Dennis Moore [youtube.com]

Re:

[Stormwatch]

"It is said that he [Robin Hood] fought against the looting rulers and returned the loot to those who had been robbed, but that is not the meaning of the legend which has survived. He is remembered, not as a champion of property, but as a champion of need, not as a defender of the robbed, but as a provider of the poor. He is held to be the first man who assumed a halo of virtue by practicing charity with wealth which he did not own, by giving away goods which he had not produced, by making others pay for th

I must mention my favourite charity

[Timesprout]

The Cocaine and Hooker Party for Timesprout Foundation.

Please give what you can.

Re:

[ResidntGeek]

Sorry, I've already pledged to the Palm Beach Golf and Tennis Resort.

Sneakers

[Anonymous Coward]

"In a surprise announcement, the Republican National Committee has revealed it is bankrupt. A spokesman for the party said they had plenty of money in their accounts last week, but today they just don't know where the money has gone. But not everybody is going begging. Amnesty International, Greenpeace and the United Negro College Fund announced record earnings this week, due mostly to large, anonymous donations."

Re:

[xtracto]

Aaaa great movie [wikipedia.org] that one! I think it is one of the few movies which portrait in a credible manner what hacking was all about in those times... of course with a hollywood cut... I used to watch that movie in open TV and 10 years after I didnt remember the name and could locate it after asking in usenet for a movie where there was a deaf guy who recognized a place after simulating the sounds =o)... pretty clever argument!

Why reverse charges

[ghoul]

Why reverse the charges? The credit card companies make enough from usurious interest rates to absorb the small payments to charity

Re:

[Colin Smith]

The credit card companies make enough from usurious interest rates to absorb the small payments to charity

WTF? They're bankers.

 

Re:

[TubeSteak]

I'm not sure if this was your point, but under Federal law, banks are exempt from the usury limit... which means they can charge whatever rate they like.

Re:

[ghoul]

We could just put them to work on sugarcane plantations to grow ethanol like they do in Brazil. Much more productive than debtors prison

Re:

[mulhollandj]

Because it is their money. If they choose to donate then let them. If they choose not to then don't.

Re:

[N3Z]

It has more to do with the fees that get charged to businesses by the credit card companies for outstanding fraudulent charges. If the charge is reversed before the credit card company discovers that it is fraudulent, there are no extra (punative) fees.

700 refunds

[acidrainx]

700 refunds of (probably) less than $10 each? I realize they've just had money stolen from them, but they're asking for a $10 refund from a charity?

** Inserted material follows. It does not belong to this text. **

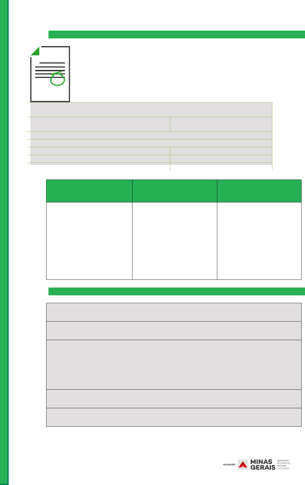 SECRETARIA DE ESTADO DE EDUCAÇÃO DE MINAS GERAIS ( PLANO DE ESTUDO TUTORADO COMPONENTE CURRICULAR: Português COMPONENTE CURRICULAR: Português NOME DA ESCOLA: ALUNO: TURMA: TURNO: MÊS: TOTAL DE SEMANAS: NÚMERO DE AULAS POR SEMANA: NÚMERO DE AULAS POR MÊS: ) ORIENTAÇÕES AOS PAIS E RESPONSÁVEIS DICA PARA O ALUNO QUER SABER MAIS? SEMANA 1 GÊNERO: Texto OBJETO DE CONHECIMENTO: Compreensão HABILIDADE(S): (EF35LP03) Identificar a ideia central do texto, demonstrando compreensão global; (EF35LP04) Inferir informações implícitas nos textos lidos; (EF04LP14) Identificar em notícias, fatos, participantes, local e momento/tempo da ocorrência do fato noticiado. CONTEÚDOS RELACIONADOS: Leitura e interpretação de textos INTERDISCIPLINARIDADE: Português e História ATIVIDADES ( 1 ) SEMANA 2 Gênero: Texto OBJETO DE CONHECIMENTO: Compreensão e construção do sistema alfabético e da ortografia HABILIDADE(S): (EF04LP01) - Grafar palavras utilizando regras de correspondência fonema-grafema regulares diretas e contextuais. CONTEÚDOS RELACIONADOS: Interpretação de texto, substantivos: classificação. INTERDISCIPLINARIDADE: Português e ciências da natureza ATIVIDADES SEMANA 3 Gênero: Charge OBJETO DE CONHECIMENTO: Construção do sistema alfabético e da ortografia HABILIDADE(S): (EF04LP01) Gravar palavras utilizando regras de correspondência fonema-grafema regulares diretas e contextuais. CONTEÚDOS RELACIONADOS: Pontuação, gramática, sinônimos e pronomes de tratamento. INTERDISCIPLINARIDADE: Português e matemática ATIVIDADES ( PLANO DE ESTUDO TUTORADO COMPONENTE CURRICULAR: Matemática COMPONENTE CURRICULAR: Matemática NOME DA ESCOLA: ALUNO: TURMA: TURNO: MÊS: TOTAL DE SEMANAS: NÚMERO DE AULAS POR SEMANA: NÚMERO DE AULAS POR MÊS: ) SEMANA 1 GÊNERO: Cálculo OBJETO DE CONHECIMENTO: Propiedades das operações para o desenvolvimento de diferentes estratégias de cálculo com números naturais. Problemas utilizando o sistema monetário brasileiro. HABILIDADE(S): (EF04MA04) – Utilizar as relações entre adição e subtração, para ampliar as estratégias de cálculo. (EF04MA05) – Utilizar as propriedades das operações para desenvolver estratégias de cálculo. (EF04MA25A) – Resolver problemas que envolvam situações de compra e venda e formas de pagamento, utilizando termos como troco e desconto, enfatizando o consumo ético consciente e responsável, utilizando o sistema monetário brasileiro. CONTEÚDOS RELACIONADOS: Subtração, arredondamento, centenas, calendário e preços. INTERDISCIPLINARIDADE: Matemática ATIVIDADES SEMANA 2 Gênero: Cálculo e geometria OBJETO DE CONHECIMENTO: Problemas utilizando o sistema monetário brasileiro. Propriedades das operações para o desenvolvimento de diferentes estratégias de cálculo com números naturais. Cálculos geométricos. Propriedades da igualdade. HABILIDADE(S): (EF04MA25A) – Resolver problemas que envolvam situações de compra e venda e formas de pagamento, utilizando termos como troco e desconto, enfatizando o consumo ético consciente e responsável, utilizando o sistema monetário brasileiro. (EF04MA04) – Utilizar as relações entre adição e subtração, para ampliar as estratégias de cálculo. CONTEÚDOS RELACIONADOS: Cálculo mental, uso de sinais, troco, adição e geometria. INTERDISCIPLINARIDADE: Matemática e Artes ATIVIDADES SEMANA 3 Gênero: Números e geometria OBJETO DE CONHECIMENTO: Propriedades das operações para o desenvolvimento de diferentes estratégias de cálculo com números naturais. Cálculos geométricos. HABILIDADE(S): (EF04MA05) – Utilizar as propriedades das operações para desenvolver estratégias de cálculo. CONTEÚDOS RELACIONADOS: Adição, geometria, algarismos e multiplicação. INTERDISCIPLINARIDADE: Matemática e Artes. ATIVIDADES ( PLANO DE ESTUDO TUTORADO COMPONENTE CURRICULAR: Geografia COMPONENTE CURRICULAR: Geografia NOME DA ESCOLA: ALUNO: TURMA: TURNO: MÊS: TOTAL DE SEMANAS: NÚMERO DE AULAS POR SEMANA: NÚMERO DE AULAS POR MÊS: ) SEMANA 1 GÊNERO: Planeta Terra, conexões e escalas OBJETO DE CONHECIMENTO: Globo terrestre; Relação campo e cidade. HABILIDADE(S): (EF04GE04) – Reconhecer especificidades e analisar a interdependência do campo e da cidade, considerando os fluxos econômicos,de informação, de ideias e de pessoas. CONTEÚDOS RELACIONADOS: Planeta terra, atividades econômicas, cidade e o campo. INTERDISCIPLINARIDADE: Geografia e História. ATIVIDADES SEMANA 2 Gênero: Município e espaço OBJETO DE CONHECIMENTO: Instâncias do poder público e canais de participação social. Sistema de orientação. Reconhecer o espaço. HABILIDADE(S): (EF04GE03) Distinguir funções e papéis dos órgãos do poder público municipal e canais de participação social na gestão do município, incluindo a câmara de vereadores e conselhos municipais. CONTEÚDOS RELACIONADOS: Serviços públicos, mapas, formas de relevo. INTERDISCIPLINARIDADE: Geografia e História. ATIVIDADES SEMANA 3 Gênero: Natureza e qualidade de vida. OBJETO DE CONHECIMENTO: Conservação e degradação da natureza. HABILIDADE(S): (EF04E04) – Reconhecer os aspectos naturais, as transformações das paisagens naturais no município e no país. CONTEÚDOS RELACIONADOS: Pesquisa, clima e reflorestamento. INTERDISCIPLINARIDADE: Geografia e História. ATIVIDADES ( PLANO DE ESTUDO TUTORADO COMPONENTE CURRICULAR: História COMPONENTE CURRICULAR: História NOME DA ESCOLA: ALUNO: TURMA: TURNO: MÊS: TOTAL DE SEMANAS: NÚMERO DE AULAS POR SEMANA: NÚMERO DE AULAS POR MÊS: ) SEMANA 1 GÊNERO: História do Brasil e produtos OBJETO DE CONHECIMENTO: História do Brasil e a invenção do comércio e a circulação de produtos. HABILIDADE(S): (EF04HI06X) – Identificar as transformações ocorridas nos processos de deslocamento das pessoas e mercadorias, analisando as fromas de adaptação ou marginalização, valorizando a produção local e regional. CONTEÚDOS RELACIONADOS: Indep

Nice.

Re:

[Anonymous Coward]

$10 makes a difference for some people who are always at their credit limits. plus, i think Red Cross refunded them because it's the principle of taking money that wasn't really given to them. they don't want to look like cheap ripoffs. it's like having somebody supply you with say, stolen candy. sure, it's seemingly cheap and you could easily eat it, but does that make it ok?

Re:

[zippthorne]

Candy stolen from.. babies perhaps?

Which brings to mind another completely off-topic question:

What the hell kind of incompetent parents are giving lollipops to infants, anyway?

Re:

[stonecypher]

FTFA, American Red Cross is refunding without being asked, as a matter of principle, and frequently to people who didn't even realize they'd been defrauded.

Re:

[Actually, I do RTFA]

Typically, you tell a credit card when the card went missing and what the first fraudulent charge was. You have to sign an affidavit to attesting to those facts under penalty of perjury. Somehow, I don't think the niceness of giving less than $10 to charity is worth a possible 20-year prision term.

IANAL, just a guy whose credit card was once stolen.

Re:

[gordgekko]

Most charities I would let it slide but not with the American Red Cross, not after some of the games they've been caught playing with donations.

Re:

[Stunning Tard]

but they're asking for a $10 refund from a charity? Nice.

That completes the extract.